The Cabinet of Rodrigo Paz constitutes the 223rd cabinet of the Plurinational State of Bolivia. It was formed on 8 November 2025 after Rodrigo Paz Pereira was sworn in as the 68th President of Bolivia, following the 2025 general election, succeeding the Arce Cabinet. Paz announced that he would reduce his cabinet from 17 to 12 ministries as part of a policy of austerity and state efficiency.

== Transition ==
The transfer of presidential power between the outgoing government of Luis Arce and the incoming government of Rodrigo Paz began on October 22, 2025, and concluded on November 8, 2025, after his swearing-in before the Legislative Assembly.

=== Transitional cabinet ===
After becoming president elect, Rodrigo Paz announced that José Luis Lupo and Gabriel Espinoza would be part of his governing team.
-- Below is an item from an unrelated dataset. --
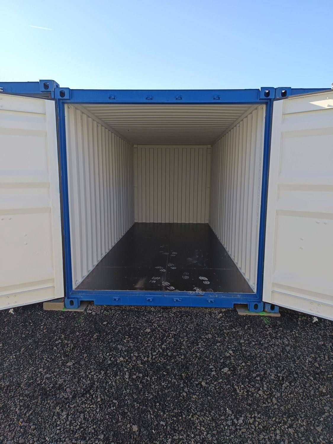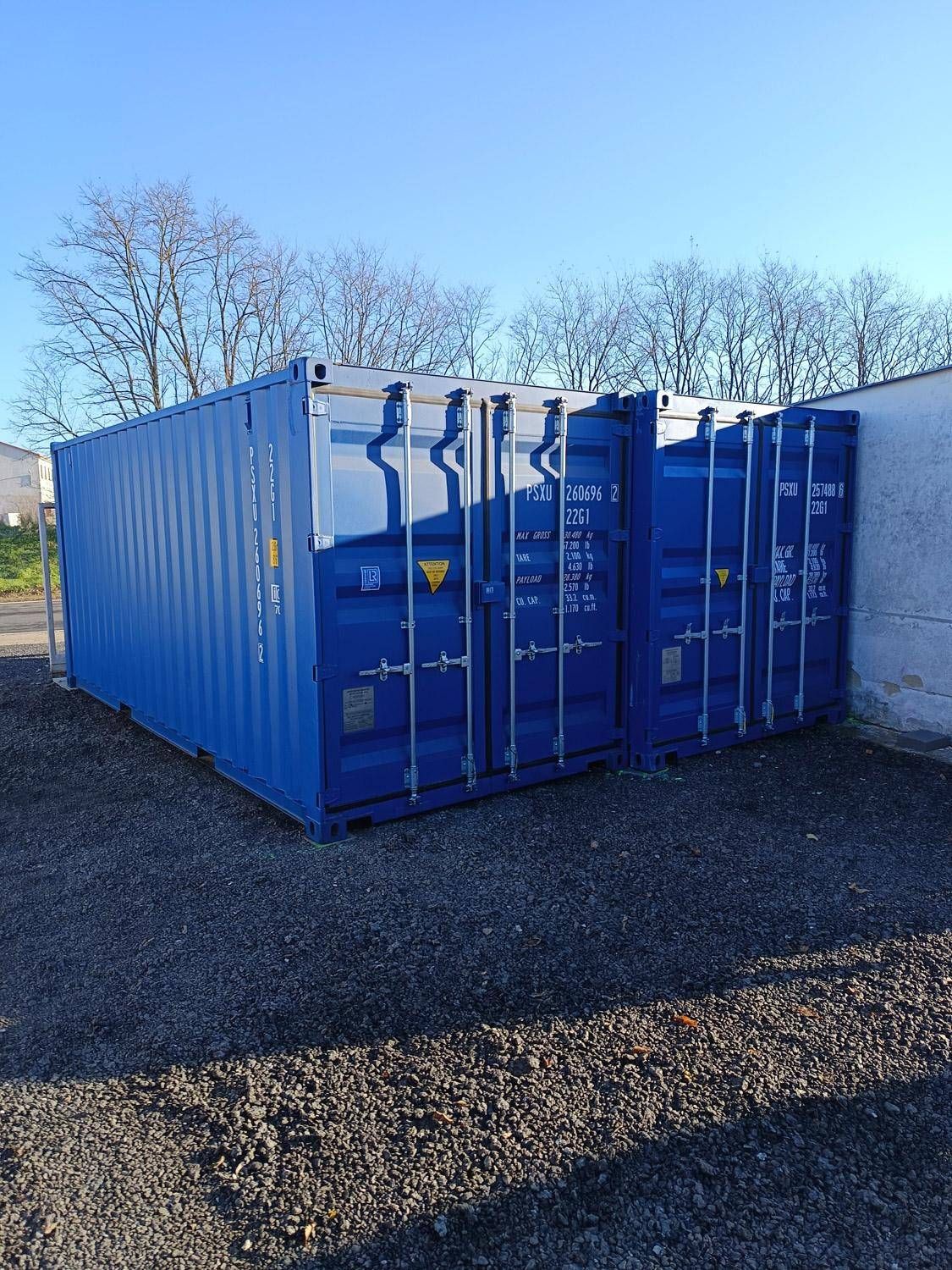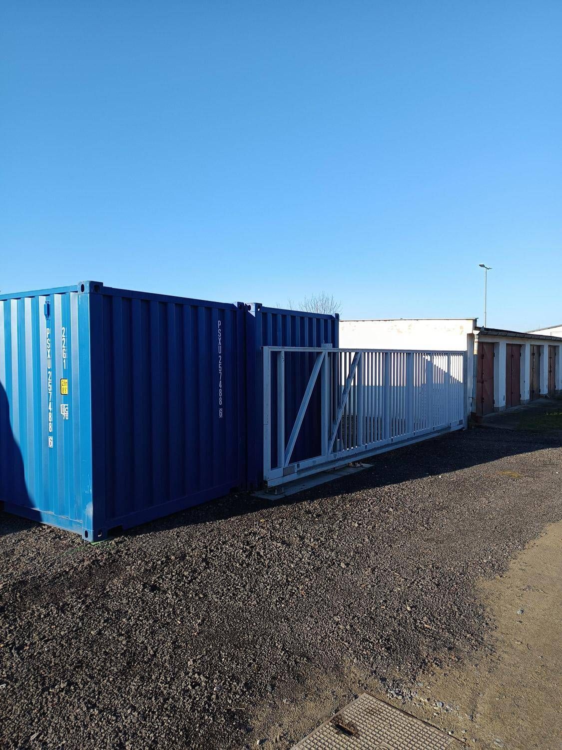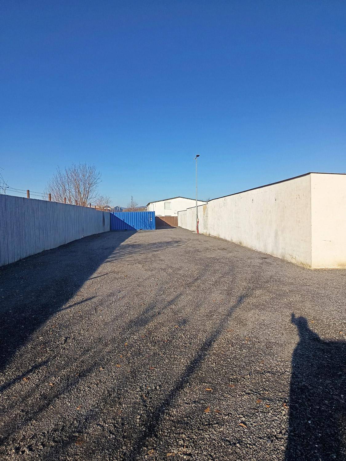 Skladovací kontejnery v areálu jsou sestaveny tak, aby tvořily uzavřený oplocený prostor.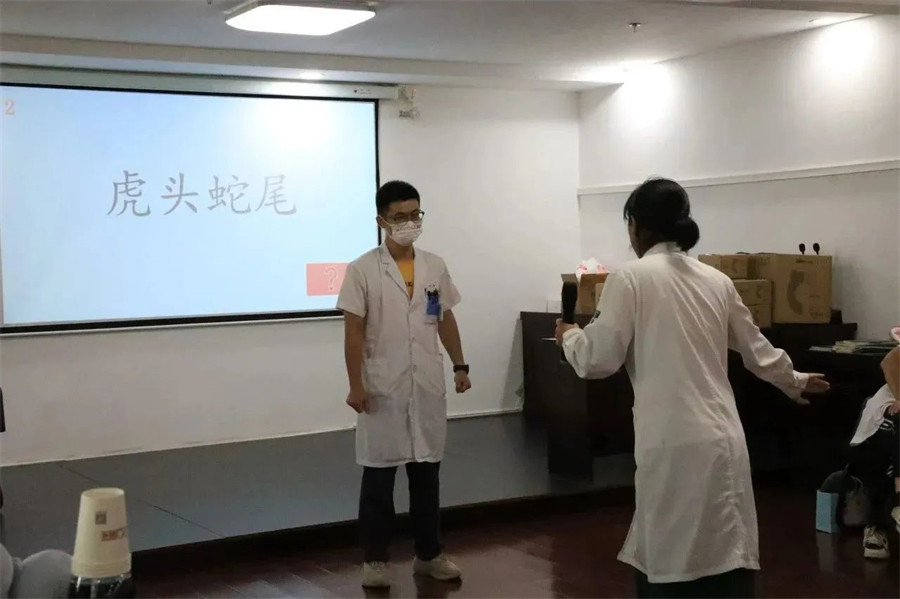 這一次題目?jī)?nèi)容涵蓋醫(yī)療專業(yè)名詞、成語、古詩,難度系數(shù)可不是一般的大,看著比劃者手舞足蹈,猜詞者卻一頭霧水,場(chǎng)下觀眾可是比臺(tái)上參賽者都著急,有人出主意,有人大笑,場(chǎng)面熱鬧非凡。最終裴燕和鄧佳婧憑借多年默契,拿下全場(chǎng)最佳。

They immediately traveled to the United States to meet with leaders of the International Monetary Fund (IMF), World Bank, the Inter-American Development Bank, and United States Secretary of State, Marco Rubio.

== Inauguration ==
The official inauguration ceremony for the President and Vice President of Bolivia took place on November 8, 2025, in the city of La Paz (the seat of government of Bolivia).
== Cabinet ==
On November 9, 2025, president Paz swore in new ministers of the Plurinational State of Bolivia, while announcing that some ministries would be merged into others.

|  | Ministry |  | Minister | Party |  | Start | End |
| 1 |  | Ministry of the Presidency | José Luis Lupo |  |  | 9 November 2025 | 3 August 2026 |
| Fernando Aramayo |  | Ind. | 3 August 2026 | In office |
| 2 |  | Ministry of Economy and Public Finances | José Gabriel Espinoza |  |  | 9 November 2025 | 21 August 2026 |
|  | Ind. |
| Oscar Mario Justiniano Pinto (interim) |  | Ind. | 21 August 2026 | In office |
| 3 |  | Ministry of Foreign Affairs | Fernando Aramayo |  | Ind. | 9 November 2025 | 3 August 2026 |
| Héctor Huanca | 3 August 2026 | In office |
| 4 |  | Ministry of Government | Marco Antonio Oviedo |  |  | 9 November 2025 | In office |
| 5 |  | Ministry of Defense | Raúl Marcelo Salinas |  |  | 9 November 2025 | 2 June 2026 |
| Ernesto Justiniano | 2 June 2026 | In office |
| 6 |  | Ministry of Hydrocarbons and Energies | Marcelo Blanco |  | Ind. | 22 April 2026 | In office |
| 7 |  | Ministry of Education | Beatriz Elena García de Achá |  | Ind. | 9 November 2025 | 2 June 2026 |
| 8 |  | Ministry of Production, Rural Development, and Water | Oscar Mario Justiniano Pinto (interim) |  | Ind. | 9 November 2025 | In office |
| 9 |  | Ministry of Labor, Employment, and Social Security | Edgar Morales Mamani |  |  | 9 November 2025 | 21 May 2026 |
| Williams José Bascopé |  |  | 21 May 2026 | In office |
| 10 |  | Ministry of Health and Sports | Marcela Flores |  |  | 9 November 2025 | In office |
| 11 |  | Ministry of Public Works, Services, and Housing | Mauricio Zamora Liebers |  |  | 9 November 2025 | In office |
| 12 |  | Ministry of Mining and Metallurgy | Marco Antonio Calderón |  | Ind. | 9 November 2025 | In office |
| - | Closed Ministries | Ministry of Justice | Freddy Vidovic |  |  | 9 November 2025 | 20 November 2025 |
| Jorge Franz García Pinto (interim) |  |  | 20 November 2025 | 20 November 2025 |
| - | Ministry of Rural Development (Bolivia) | José Luis Lupo (interim) |  |  | 9 November 2025 | 8 July 2026 |
| - | Ministerio de Culturas, Descolonización y Despatriarcalización | Jorge Franz García (interim) |  |  | 9 November 2025 | 8 July 2026 |
| - | Ministry of Planning and Development | José Fernando Romero Pinto |  | Ind. | 9 November 2025 | 8 July 2026 |
| - | Ministry of Tourism and Gastronomy | Cinthya Martha Yáñez Eid |  |  | 9 November 2025 | 8 July 2026 |

=== Armed Forces ===
On 13 November 2025, president Paz swore in the new High Command of the Armed Forces of Bolivia, designating General Víctor Hugo Balderrama Quezada as Commander in Chief, General Héctor Alejandro Alarcón Antezana as Commander of the Army, General Sergio Fernando Lora Araoz as Commander of the Air Force and Counter Admiral Ernesto Adalid Alfaro Palma as Commander of the Navy.